Сегодня убить художника легко.
Для этого необходимо знать, что убийства эти с недавних пор поставлены в России на самообслуживание. А ещё нужно представлять себе, что сегодня значит быть подлинным художником сегодня, и что - всего лишь подмастерьем, воплотителем чьих-либо идей. А что же тогда — предвижу вопросы - происходит в наших многочисленных галереях, появляющихся как грибы после дождя? Зачем при таком обилии выставочных пространств себя убивать? Какой именно художник отдаёт свою жизнь на заклание, а какой размножается как саранча?
30 сентября 2006 года умерла Татьяна Щёкина - редкого дара художник и поэт. И событие это заставляет задуматься о драматических, даже трагических процессах, происходящих в социо-культурном пространстве России.
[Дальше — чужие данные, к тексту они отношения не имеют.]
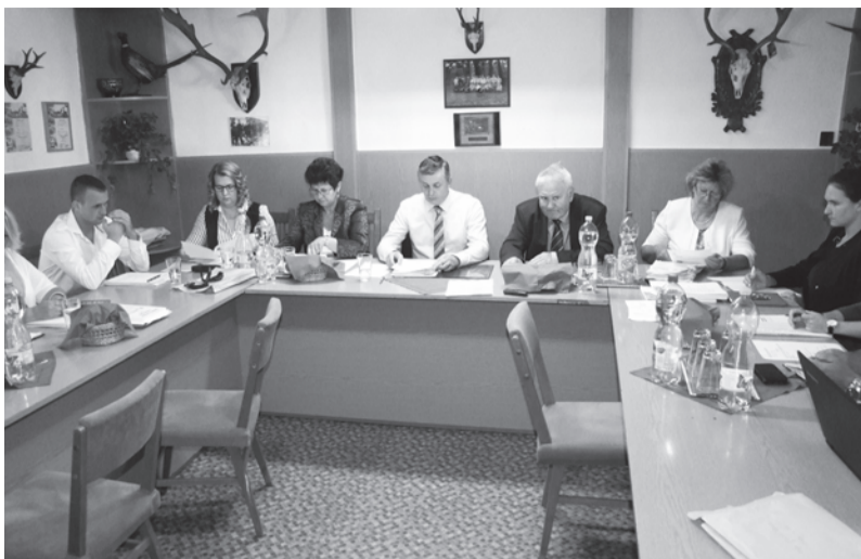
A Képviselő-testület a dobozi Vadászházban tartotta soros ülését

Doboz Nagyközség Önkormányzatának Képviselő-testülete 2016. szeptember 21-én tartotta soros, kihelyezett ülését a dobozi Vadászházban.

Она умерла незаметно ранним утром, спокойно и тихо, как умирает сама усталость.Возможно, не в силах выйти из путаницы силовых полей некогда написанных ею картин, она решила окончательно в них раствориться.
Так умер Икар Брейгеля, никем не замеченный в утреннем состоянии жизни, как бесполезное существо, красиво упавшее в море.
При жизни Татьяна ничем не владела, кроме своего таланта, мечтала о женском счастье, хотела иметь семью и детей. Да, участники творческой группы, куда она входила, понимали всю необходимость некоего договора о совместных действиях для выхода на определённую социокультурную орбиту. Но у идеологов этой группы были другие, скрытые цели. Как потом выяснилось, внешней стратегией свободного творчества прикрывалась скрытая стратегия секты. Основные её положения: обобществлённая недвижимость (общак), отсутствие семейных отношений и детей, все картины подписываются словом «синтез» и принадлежат организаторам группы.
Обработка членов группы возымела своё действие. Татьяна после вынужденного аборта решила нарушить запрет, стала подписывать свои картины собственным именем, чем и подвигла себя к приговору – медленному отлучению от мечты и падению в одиночество.
Этой акцией она заказала себе самую засушливую в мире смерть.
Её высадили поезда, вечно уходящего в Москву, оставив тихо умирать на берегу Чёрного моря.
Спустя пять лет Татьяна напишет:
Убить – и рассадить убитых слушать музыку.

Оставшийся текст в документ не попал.